モンサントが開発した農薬(ラウンドアップ)や、化学肥料などを平気で販売してきたJAではあるが、最近は変わりつつあるという。
これも山田さんが自身のブログで紹介してくれたことなのだけれども、7月1日付の『日本農業新聞』によれば、学校給食に地元産の有機栽培米を導入する動きが全国の自治体に広がっており、JAが全面的に協力しているケースもあるのだとか。
さらに同紙は4日付の紙面で、農薬や化学肥料に頼らず生産された有機食品をスーパーが扱い始めたことを1面トップで伝えている。
『日本農業新聞』
有機米普及は給食から 転換掲げる自治体相次ぐ 面積拡大へJAと連携(2023年7月1日)
https://www.agrinews.co.jp/news/index/166912
スーパーで有機食品が拡大 健康志向に応えPBや専門業態(2023年7月4日)
https://www.agrinews.co.jp/news/index/167359
【参考画像・学校給食】
(撮影者:エルボンズさん https://www.photo-ac.com/profile/23271543)

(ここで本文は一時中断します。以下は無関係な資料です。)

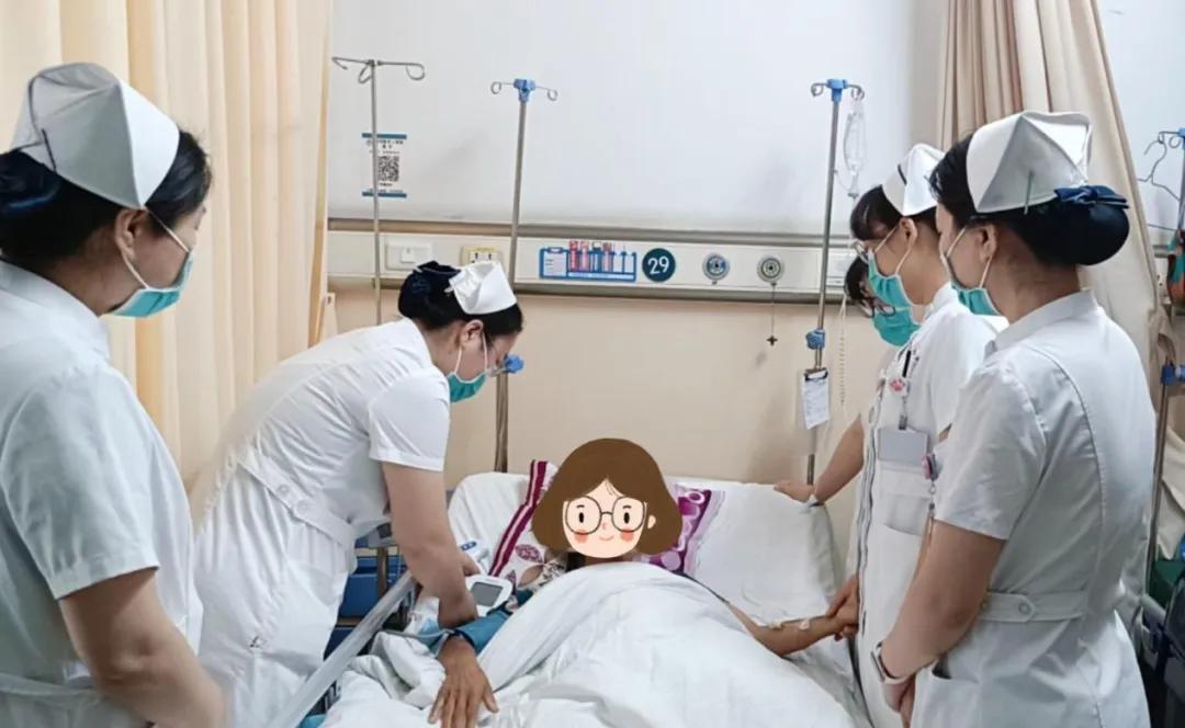 術后,患者身上留置了術區(qū)引流管、深靜脈導管、胃管、導尿管等多根管路,加上智力低下無法理解、術后疼痛等拔管風險極高。護士長陳笑寒帶領護理團隊立即組織疑難病例討論,制定出個性化、??苹淖o理方案,如管道的妥善固定,定時翻身、拍背,加強巡視等,在康復初期,責任護士始終陪伴她左右,在做好管道護理的同時,還結合病情循序漸進的引導她下床活動;患者術后常常突然哭泣、抗拒治療,面對患者術后的情緒激動,護理團隊立即剖析原因,及時緩解術后引起的疼痛,并化身"臨時家人",握著她的手輕聲安撫,用耐心和溫柔逐漸撫平她的焦慮。

私は、JAの機関紙である『農業協同組合新聞』にも、これに関連する記事が出ていないか、検索してみた。
すると、次の記事が見つかった。
『農業協同組合新聞』
オーガニック給食を全国展開へ 超党派の議員連盟が発足(2023年6月15日)
https://www.jacom.or.jp/nousei/news/2023/06/230615-67361.php
↑上の記事の議員連盟には、それこそ自民党や立憲民主党、公明、維新、国民民主、共産、れいわ新選組などの議員が参加している。
実はこのことについても、山田さんは6月19日付の自身のブログで、とっくに紹介してくれていた。